Bonhoeffer’s “post” at the time of writing was a prison cell. Our post at the moment, though less confining, may still feel constricted: an entry-level job when we’d like to own a business, a house with roommates when we want to be married, a youth-pastor position when we’d prefer to be preaching. But here — in this post, in this place of “very little” — we learn to be faithful.
Lord of Little
We would be wrong, however, to treat the little in front of us merely as a waiting room for the much of our dreams. No act of faithfulness, no matter how unseen and seemingly insignificant, is simply a stepping stone. Each act is a new opportunity to glorify and commune with our Lord.
Jesus, our faithful Savior, has his eye on the small places, on the forgotten moments, on the little things. And in the face of every unwelcome duty, he would have us remember that “whatever good anyone does, this he will receive back from the Lord” (Ephesians 6:8). When our eyes are lifted toward our Master, whatever good we do — whether much or little, great or small — will come back to us. The faithfulness that so often goes unnoticed on earth will by no means be forgotten in heaven.

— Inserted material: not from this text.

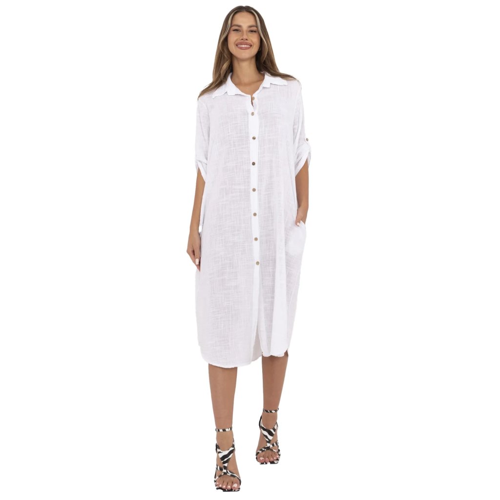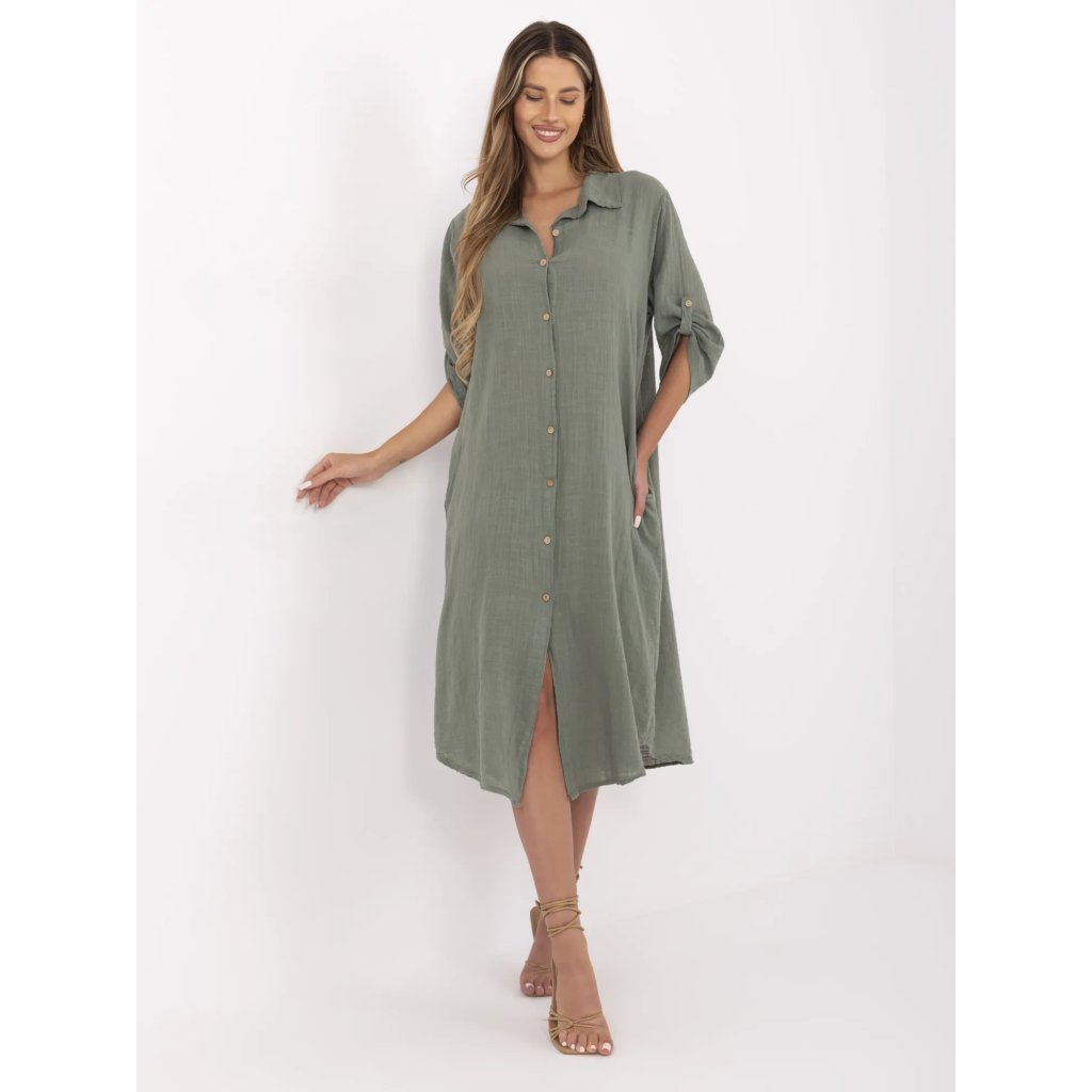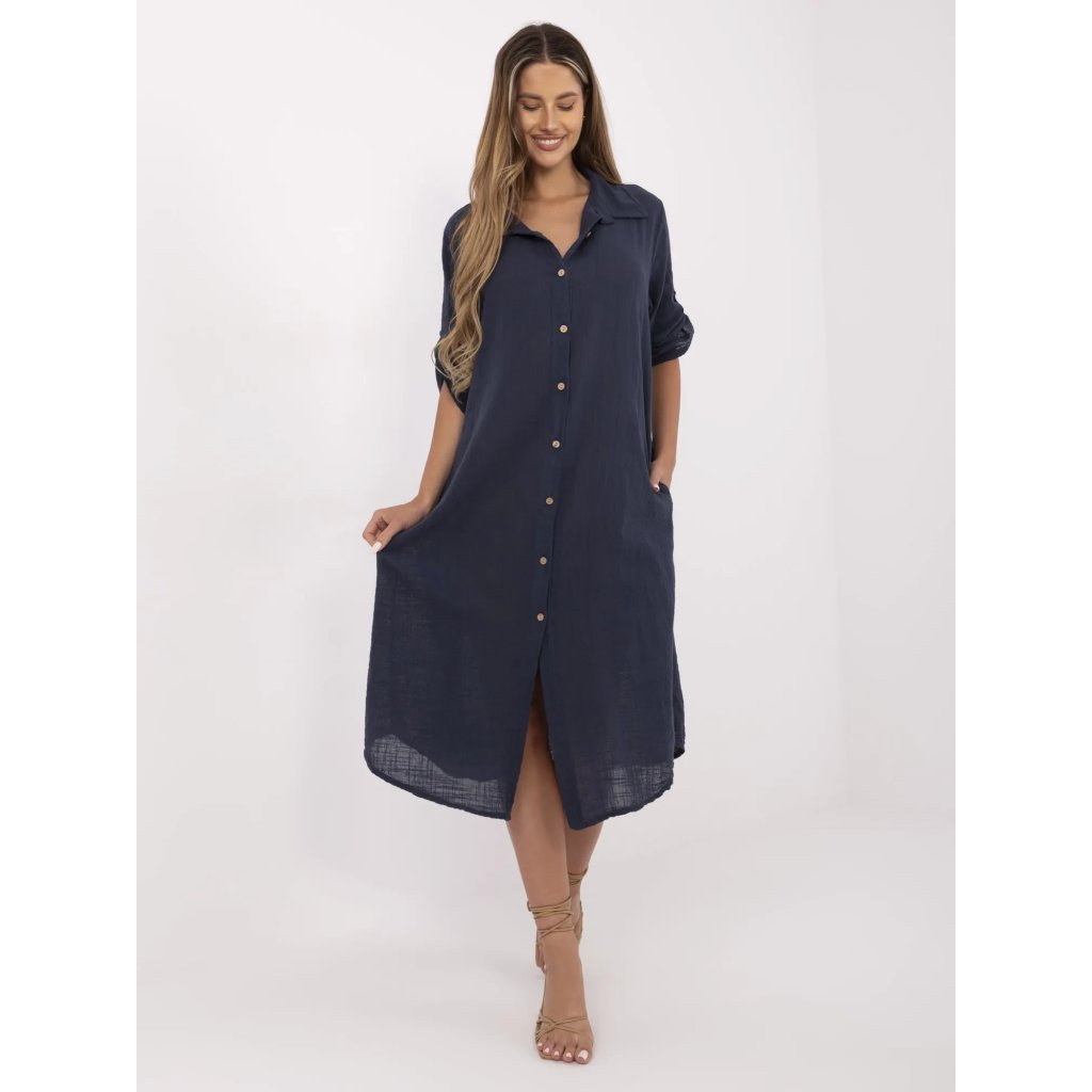 Rozměry šatů ve velikosti one size měřeno v plochém stavu: šířka v podpaží - 62 cm, šířka v pase - 62 cm, délka rukávu - 41 cm, šířka v bocích - 67 cm, celková délka - 113 cm.

In every faithful word to your family, in every hour of Bible-study or sermon preparation, in every small but painful conversation that lies in the path of love, can you feel your Savior’s pleasure? Can you hear the first whispers of “Well done, good and faithful” (Matthew 25:21, 23)? Can you grasp the promise that every faithful work will be found in heaven’s ledgers? And can you see, as you set one unremarkable stone on top of another, what you are building by the grace of God?
Our faithfulness here, even in little, is no little matter. In the unremarkable moments of life, God is shaping his fickle sons into the image of his Faithful One (Revelation 19:11). Every day, he forgives our lingering faithlessness, and every day conforms us to Christ’s faithfulness.